А. И. Макшеев. Путешествия по Киргизским степям и Туркестанскому краю. - СПб., 1896. Другие части: [
1], [
2], [3], [
4], [
5], [
6].
Переправа через Орь
14 мая транспорту нужно было переправиться через реку Орь, и так как вода была высока, то генерал поручил мне с лейтенантом Бутаковым навести плавучий мост. Дело было нелегкое, так как, употребляя на возведение моста бревна и канаты, следовавшие в укрепления, мы не имели права их рассекать. Тем не менее, в несколько часов мост был готов и по нем беспрепятственно были проведены войска, орудия и подводы. После переправы транспорту была дана первая дневка в степи.
Т. Г. Шевченко
Т. Г. Шевченко. Автопортрет. Карандаш, 1847
На первом переходе я познакомился с Т. Г. Шевченко, который, служа рядовым в Оренбургском линейном № 5 батальоне, был командирован, по просьбе лейтенанта Бутакова, в описную экспедицию Аральского моря, для снятия береговых видов. Я предложил несчастному художнику и поэту пристанище, на время похода, в своей джуламейке, и он принял мое предложение.
Весь поход Шевченко сделал пешком, отдельно от роты, в штатском плохеньком пальто, так как в степи ни от кого, и от него в особенности, не требовалось соблюдения формы. Он был весел и, по-видимому, очень доволен раздольем степи и переменою своего положения. Походная обстановка его нисколько не тяготила; но, когда, после продолжительного похода, мы приходили в укрепление, где имели возможность заменять сухари и воду свежим хлебом и хорошим квасом, Тарас Григорьевич шутливо обращался к моему человеку с словами: «Дай, братец, квасу со льдом, ты знаешь, что я не так воспитан, чтобы пить голую воду». Он много рассказывал о своих мелких невзгодах, но о крупных политических никогда не говорил ни слова.

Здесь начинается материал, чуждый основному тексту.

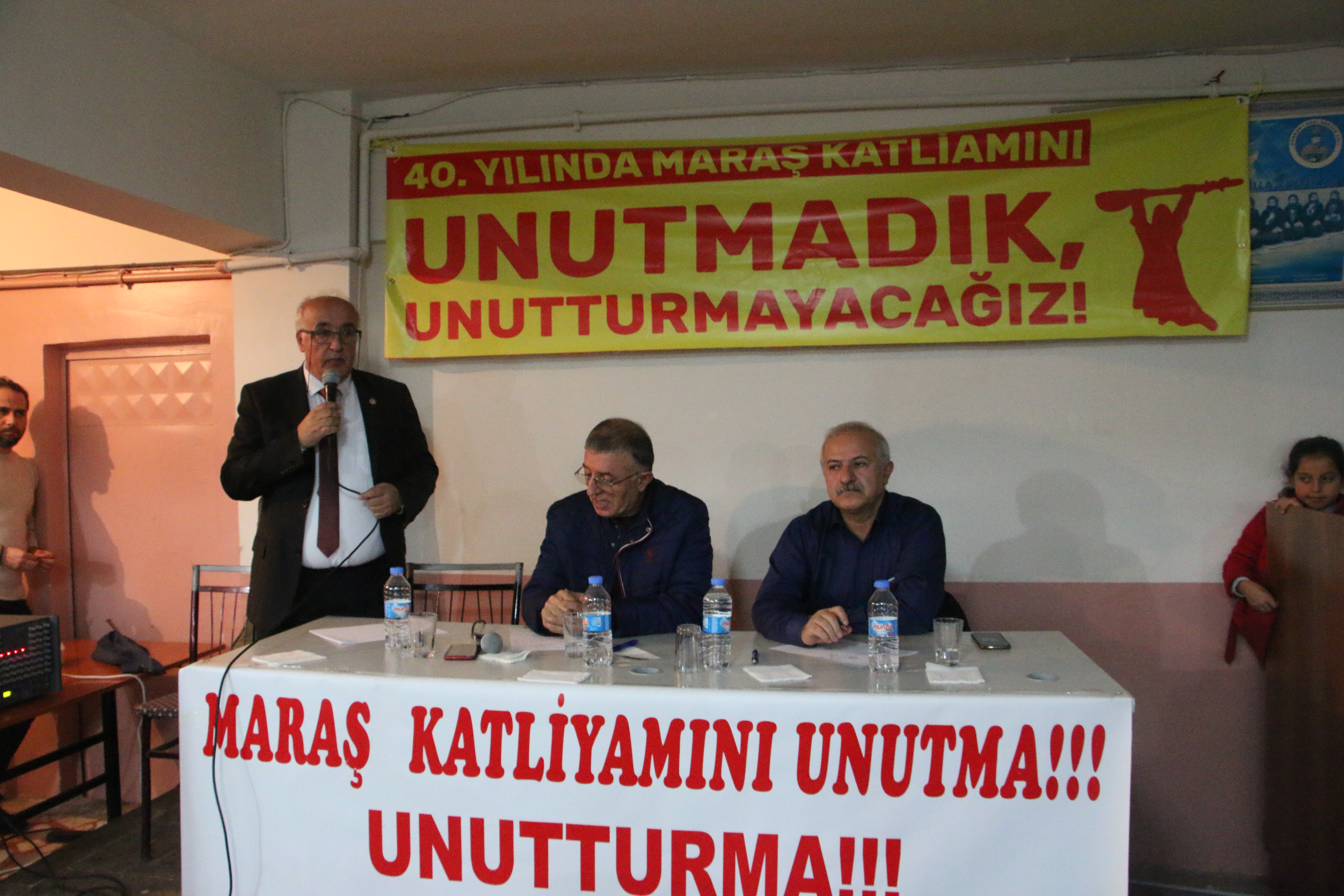 Son olarak konuşan HDP İstanbul Milletvekili Zeynel Özen de, “Bu olayı üç şekilde incelemek gerekiyor. Ekonomik, siyasi ve inançsal olarak. Maraş bu katliamları daha öncede yapmıştı. Maraş’ın tarihi böyle. 1915’te de Ermeni halkını katledip kalan Ermenileri sürgün edip mallarına el koydular. 1970’te ise Aleviler sıtmadan ölsün diye Pazarcık Ovası’nda bataklık olan yerlere yerleştirmişlerdi. 1976 ise yapılan barajlar ile bu ova en verimli hale geldi. 1978’de ise Maraş’taki sermaye el değiştirerek Alevilerin eline geçti” diye konuştu.

Особенно свеж у меня в памяти следующий рассказ Шевченко о школе, в которой он учился: «По субботам, перед роспуском по домам, всех нас, и правых и виновных, секли, причитывая четвертую заповедь. Обязанность эту исполнял консул, то есть старший в классе. Я никуда не ходил в отпуск, но когда был сделан консулом, то зажил отлично, все мне приносили из дому гостинцы, чтобы не больно сек, и скоро я обратился в страшного взяточника. Кто приносил мне довольно, тому давал не более двух-трех легких розог, в течение которых успевал прочитывать скороговоркою обычную заповедь, но кто не приносил ничего или мало, над тем с чувством и расстановкой читал: «помни… день… субботний…» и так далее. В своей краткой автобиографии, помещенной в «Кобзаре», Шевченко не упоминает о своем консульстве, и потому очень может быть, что раcсказ его о субботниках, характеризующий вообще прежние малороссийские школы, был применен им к себе ради красного словца. Зато едва ли подлежит сомнению другой его раcсказ о начале его солдатской жизни. «Когда меня привезли в Оренбург, то представили корпусному, дивизионному и бригадному начальникам и затем в Орской крепости - батальонному и ротному командирам. По мере понижения ступеней военной иерархии, со мною обращались все грубее и грубее, и когда очередь дошла до ротного командира, то он пригрозил мне даже розгами, если я дурно буду себя вести. Чтобы оградить себя от опасности, я прибег к очень простой и, как оказалось, весьма действительной мере: купил очень много водки и весьма мало закуски, пригласил ротного командира и нескольких офицеров на охоту и упоил их. С тех пор отношения наши сделались наилучшими, а когда угощение начинало забываться, я повторял его». Единственная книга, которую Тарас Григорьевич имел с собою, была славянская библия; впрочем, он читал ее мало и никогда ничего не писал.
Джангыс-агач
Т. Г. Шевченко. Джангыс-агач. Акварель, V.1848
26-го мая, не доходя несколько верст до Карабутака, мы увидали влево от транспортной дороги Джангыс-агач, «одно дерево», и поскакали к нему. Это единственное на всем пути от Орска до Раима дерево было осокор, толщиною у корня сажени в две в обхвате и вышиною сажен в пять. На нем было гнездо тальги, птицы из породы орлов. Киргизы считали это дерево священным, аулие, и украшали его разными тряпками. Не менее священно было оно и для русских странствователей в летние жары по степи, ярко освещенной палящими лучами солнца и не имеющей нигде вершка тени, где бы зрение могло отдохнуть. Мало кто из верховых проезжал по дороге, не завернув к Джангыс-агачу и не отдохнув под его тенью. Но теперь и киргизы и русские лишены этой ограды, потому что какому-то пьяному казачьему офицеру вздумалось, для своей потехи, срубить и сжечь дерево. И этот варварский поступок остался безнаказанным, как будто это не уголовное и не самое гнусное преступление. Вид Джангыс-агача сохранился в альбоме киргизской степи, изданном
Залесским в Париже.
Бронислав Залесский. Офорт из «La vie des Steppes Kirghizes» (1865)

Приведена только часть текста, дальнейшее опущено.